Identification of a chloroform-soluble membrane mini-protein in Escherichia coli and its homolog in Salmonella typhimurium

Ziqiang Guan; Xiaoyuan Wang; Christian R H Raetz

doi:10.1016/j.ab.2010.10.035

. Author manuscript; available in PMC: 2012 Feb 15.

Published in final edited form as: Anal Biochem. 2010 Nov 2;409(2):284–289. doi: 10.1016/j.ab.2010.10.035

Identification of a chloroform-soluble membrane mini-protein in Escherichia coli and its homolog in Salmonella typhimurium

Ziqiang Guan ^1,^*, Xiaoyuan Wang ^1,¹, Christian R H Raetz ¹

PMCID: PMC3018292 NIHMSID: NIHMS249825 PMID: 21050835

Abstract

Two homologous 29 amino acid-long highly hydrophobic membrane mini-proteins were identified in the Bligh-Dyer lipid extracts of Escherichia coli and Salmonella typhimurium using liquid chromatography/tandem mass spectrometry (LC/MS/MS). The amino acid sequences of the proteins were determined by collision-induced dissociation tandem mass spectrometry, in conjunction with a translating BLAST (tBLASTn) search, i.e. comparing the MS/MS-determined protein query sequence against the six-frame translations of the nucleotide sequences of the E. coli and S. typhimurium genomes.

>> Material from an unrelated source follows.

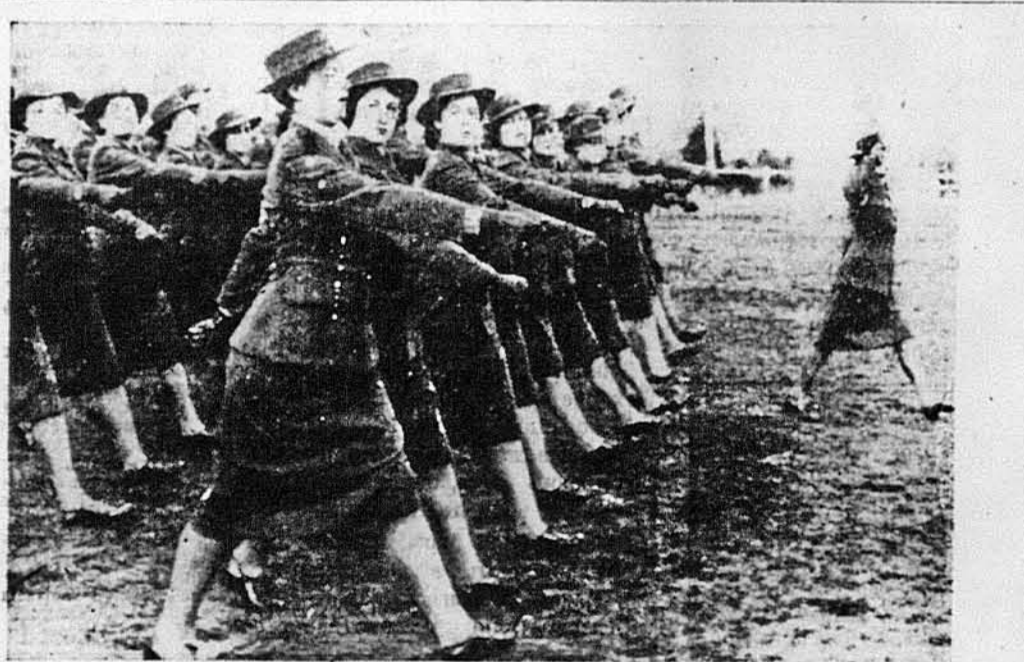
ЧИ ГІРШЕ МУЖЕСЬКОЇ АРМІЇ? Жінки, що належать до Австралійської Жіночої Помічної Служби, що відвідає американським „Вакс“, на перегляді перед своїм командантом, генералом Каномом.

Further MS characterization revealed that both proteins retain the N-terminal initiating formyl-methionines. The methodologies described here may be amendable for detecting and characterizing small hydrophobic proteins in other organisms that are difficult to annotate or analyze by conventional methods.

INTRODUCTION

Only a handful of proteins and peptides that have been reported to be soluble in chloroform, including subunit c of the F₁F₀ ATP synthase [1], Escherichia coli multidrug resistance protein E (EmrE) [2], myelin proteolipid protein (PLP) [3], lung surfactants [4], and several small peptides [5]. These unusually hydrophobic proteins and peptides play diverse and critical cellular functions. Here, we report the unexpected identification of two small chloroform–soluble proteins (3 kDa) in the Bligh-Dyer lipid extracts [6] of the Gram-negative bacteria E. coli and Salmonella typhimurium. The full sequences of these homologous proteins were determined by using the partial amino acid sequences determined by collision-induced dissociation tandem mass spectrometry in database searches. Further characterization by accurate mass measurement and MS/MS revealed that both proteins retain their N-terminal initiating formyl-methionines.

EXPRIMENTAL PROCEDURES

Materials

All solvents were of HPLC grade and were obtained from VWR (West Chester, PA).

Bacterial Growth Conditions

Wild type strains E. coli W3110 and S. typhimurium χ3761 were grown in Luria-Bertani (LB) broth (1% tryptone, 0.5% yeast extract and 1% NaCl). Typically, a 100 ml cell culture, inoculated from an overnight culture grown to A₆₀₀ = 0.02, was grown to A₆₀₀ = 2. The cells were collected by centrifugation and washed with phosphate-buffered saline (PBS, pH 7.4). The cell pellets were resuspended in 152 ml of a single-phase Bligh-Dyer mixture consisting of chloroform/methanol/water (1:2:0.8, v/v/v), incubated at room temperature for 60 min, and centrifuged at 3000 × g to remove insoluble debris. The supernatant was transferred to a new glass tube and converted to a two-phase Bligh-Dyer system by adding chloroform and water to generate a mixture consisting of chloroform/methanol/water (2:2:1.8, v/v/v). The lower phase was dried under a stream of nitrogen and stored at −20 °C until analysis.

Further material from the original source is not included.